5. "IMPORT FROM" SQL statement
Finally, if you have a very large dataset, the fastest way to import data to HANA Cloud is to use the built-in "
IMPORT FROM" SQL statement.
Follow the
official documentation to enable data import directly from your IaaS platform. For this guide, I used AWS.
First, you will need an AWS account, with S3 enabled and your files need to be uploaded to S3. I used the same file as in the DBeaver and Python examples to compare performance.
In the IAM section, create a user with API access. You will receive an Access key ID and Secret access key.
Grant the necessary access permissions to your IAM user. I granted the AmazonS3ReadOnlyAccess policy to my user, which gives access to all files on S3 for my account. You can also give a more granular access if necessary.
Now you must register the certificates necessary for the SSL connection to S3.
REST API-based adapters communicate with the endpoint through an HTTP client. To ensure secure communication, the adapters require client certificates from the endpoint services. Connections to an SAP HANA Cloud instance, which are based on the hanaodbc adapter, also require an SSL certificate.
Copy each
root certificate text and create a certificate from this text which can be saved in a personal security environment (PSE).
Execute these SQL statements towards your SAP HANA Cloud database :
create pse HTTPS;
CREATE CERTIFICATE FROM '
-----BEGIN CERTIFICATE-----
...
-----END CERTIFICATE-----
' COMMENT <comment>;
The created certificate is now contained in the CERTIFICATES system view and can be added to a PSE store.
- Add the certificate created above to the PSE:
SELECT CERTIFICATE_ID FROM CERTIFICATES WHERE COMMENT = '<comment>';
ALTER PSE <pse_name> ADD CERTIFICATE <certificate_id>;
- Set the purpose of the newly created PSE to REMOTE SOURCE:
SET PSE <pse_name> PURPOSE REMOTE SOURCE;
This makes the usage of the certificates in the PSE store available to all remote sources.

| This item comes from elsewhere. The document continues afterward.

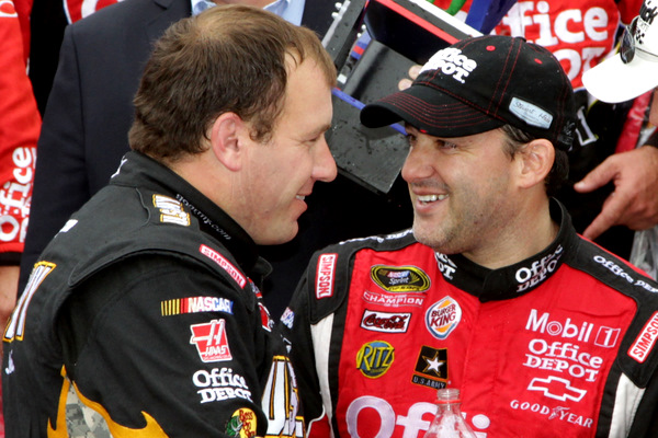 Ryan Newman (L) won New Hampshire winner in July, and teammate/boss Tony Stewart, winner at Chicago Monday. Things are looking pretty good for Newman and Stewart right now. So why is Stewart acting like such a weirdo? Is something going on behind the scenes? And who do we get this week: Good Tony or Bad Tony? (Photo: Getty Images for NASCAR)

Now that the Personal Security Environments are set up, you can import data from AWS S3.
IMPORT FROM CSV FILE 's3-<region>://<access_key>:<secret_key>@<bucket_name>/<object_id>.csv' INTO <TARGET_TABLE_NAME> [with options];
For my 100MB CSV file, the command took 34 seconds to execute.
Learn how to leverage the IMPORT FROM command from a front-end application on this blog by Naoto Sakai :
Import data from Object Store to SAP HANA Cloud.
There are other methods which I did not explore to import data to SAP HANA Cloud, such as
SAP HANA Smart Data Integration File adapter,
hdbsql, or the
JDBC/ODBC drivers.
The SAP HANA SDI File adapter is particularly useful for these use cases :
- SharePoint access
- SharePoint on Office365
- Pattern-based reading; reading multiple flies in a directory that match a user-defined partition
- Real-time file replication (only APPEND)
Learn how to
Use the SDI FileAdapter to write to Azure file share in Sohit's blog.
In conclusion, each file import has its merits depending on your use case. Find the method which fits your needs.
Thank you for reading,
Maxime SIMON
Special thanks to Daisuke Ikeguchi for his support in writing this blog.